| Problem to solve |
In the entries below, begin at the line that has "Au deuxième étage, un" and stop after the line that has "For our meal, I"; output those lines exactly, leaving out pictures.

| Data under study |

=== Begin Enclosure ===

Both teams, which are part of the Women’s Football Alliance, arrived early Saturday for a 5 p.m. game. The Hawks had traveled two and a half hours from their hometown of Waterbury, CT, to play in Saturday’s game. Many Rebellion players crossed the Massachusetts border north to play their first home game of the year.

=== End Enclosure ===
=== Begin Enclosure ===

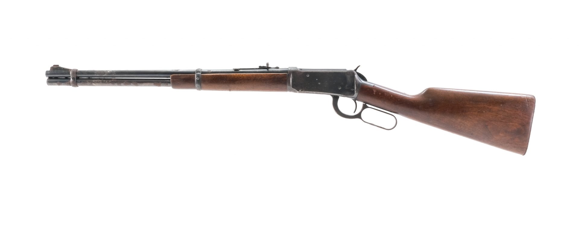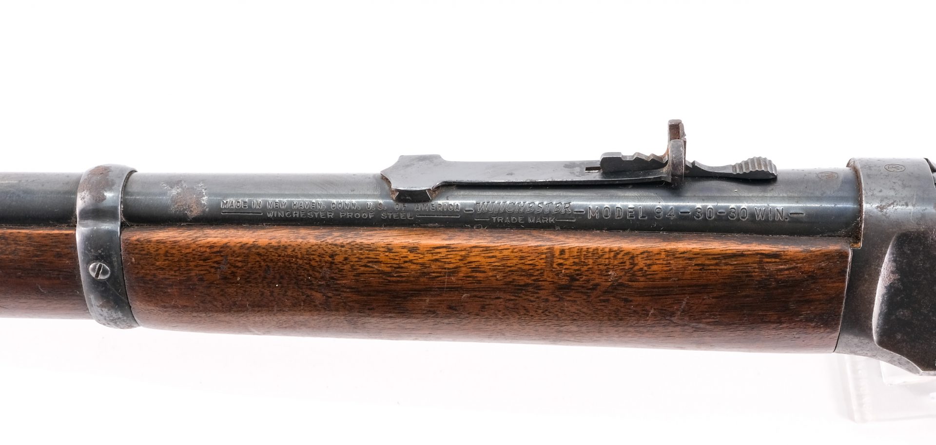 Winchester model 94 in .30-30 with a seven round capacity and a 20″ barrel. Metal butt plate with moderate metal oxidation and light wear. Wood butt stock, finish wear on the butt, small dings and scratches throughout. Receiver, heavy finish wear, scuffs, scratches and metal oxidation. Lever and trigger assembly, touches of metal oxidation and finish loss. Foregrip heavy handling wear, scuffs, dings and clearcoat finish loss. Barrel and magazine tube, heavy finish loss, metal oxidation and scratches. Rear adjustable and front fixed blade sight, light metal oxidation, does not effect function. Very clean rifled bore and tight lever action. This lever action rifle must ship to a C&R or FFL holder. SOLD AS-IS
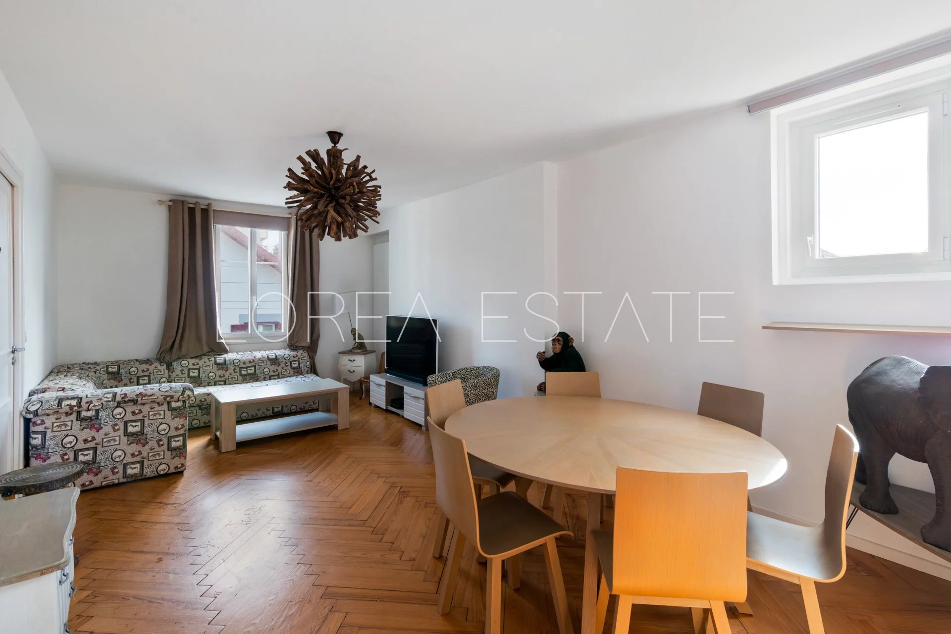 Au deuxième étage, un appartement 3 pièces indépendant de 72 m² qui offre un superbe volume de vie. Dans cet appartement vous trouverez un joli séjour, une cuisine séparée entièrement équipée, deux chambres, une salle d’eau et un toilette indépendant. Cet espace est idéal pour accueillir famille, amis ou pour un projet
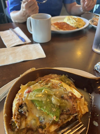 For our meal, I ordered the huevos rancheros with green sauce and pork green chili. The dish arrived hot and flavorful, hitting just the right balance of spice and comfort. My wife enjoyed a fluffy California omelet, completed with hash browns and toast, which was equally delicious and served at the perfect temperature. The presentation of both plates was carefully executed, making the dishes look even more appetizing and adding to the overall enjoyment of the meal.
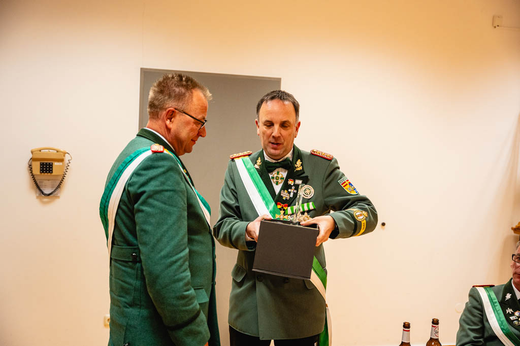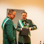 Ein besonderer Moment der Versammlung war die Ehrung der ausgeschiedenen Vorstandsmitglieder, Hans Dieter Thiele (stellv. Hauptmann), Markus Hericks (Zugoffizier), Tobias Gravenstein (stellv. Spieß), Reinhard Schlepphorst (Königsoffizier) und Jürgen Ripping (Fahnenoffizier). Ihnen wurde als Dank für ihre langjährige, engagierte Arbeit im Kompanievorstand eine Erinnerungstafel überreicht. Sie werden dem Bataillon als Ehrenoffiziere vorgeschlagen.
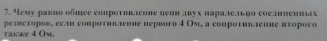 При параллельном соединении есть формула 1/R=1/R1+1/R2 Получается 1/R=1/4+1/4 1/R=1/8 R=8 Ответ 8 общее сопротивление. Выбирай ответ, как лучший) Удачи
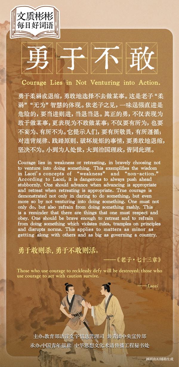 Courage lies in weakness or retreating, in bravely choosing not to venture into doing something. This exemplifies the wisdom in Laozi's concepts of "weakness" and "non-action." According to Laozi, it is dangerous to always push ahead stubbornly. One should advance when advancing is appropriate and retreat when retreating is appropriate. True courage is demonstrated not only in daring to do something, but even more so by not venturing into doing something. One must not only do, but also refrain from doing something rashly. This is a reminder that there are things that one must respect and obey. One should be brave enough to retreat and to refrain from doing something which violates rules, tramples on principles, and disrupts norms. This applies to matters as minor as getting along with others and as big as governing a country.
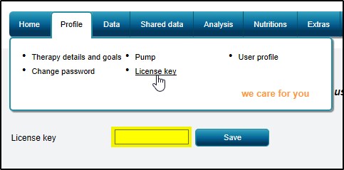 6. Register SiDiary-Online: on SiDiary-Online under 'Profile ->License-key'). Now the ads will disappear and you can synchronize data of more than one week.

=== End Enclosure ===
=== Begin Enclosure ===

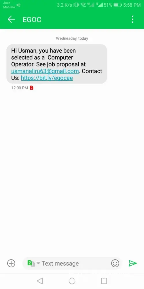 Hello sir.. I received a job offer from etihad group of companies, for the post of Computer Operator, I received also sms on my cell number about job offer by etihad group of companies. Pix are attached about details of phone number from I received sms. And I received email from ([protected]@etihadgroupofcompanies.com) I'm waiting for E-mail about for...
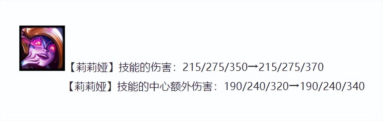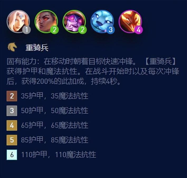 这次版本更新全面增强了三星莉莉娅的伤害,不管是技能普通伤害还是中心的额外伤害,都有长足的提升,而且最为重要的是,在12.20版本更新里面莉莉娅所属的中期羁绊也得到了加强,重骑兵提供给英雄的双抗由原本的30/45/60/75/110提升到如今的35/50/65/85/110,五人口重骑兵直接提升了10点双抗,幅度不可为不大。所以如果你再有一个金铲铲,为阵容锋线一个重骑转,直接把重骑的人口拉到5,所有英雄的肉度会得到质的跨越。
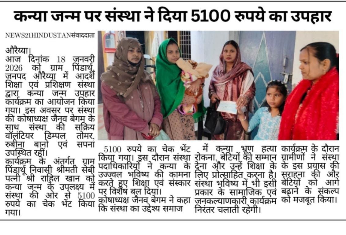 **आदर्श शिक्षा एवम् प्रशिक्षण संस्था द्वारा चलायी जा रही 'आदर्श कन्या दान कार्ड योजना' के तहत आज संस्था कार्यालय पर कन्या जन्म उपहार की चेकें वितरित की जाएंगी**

=== End Enclosure ===

| Response below |
 Au deuxième étage, un appartement 3 pièces indépendant de 72 m² qui offre un superbe volume de vie. Dans cet appartement vous trouverez un joli séjour, une cuisine séparée entièrement équipée, deux chambres, une salle d’eau et un toilette indépendant. Cet espace est idéal pour accueillir famille, amis ou pour un projet
 For our meal, I ordered the huevos rancheros with green sauce and pork green chili. The dish arrived hot and flavorful, hitting just the right balance of spice and comfort. My wife enjoyed a fluffy California omelet, completed with hash browns and toast, which was equally delicious and served at the perfect temperature. The presentation of both plates was carefully executed, making the dishes look even more appetizing and adding to the overall enjoyment of the meal.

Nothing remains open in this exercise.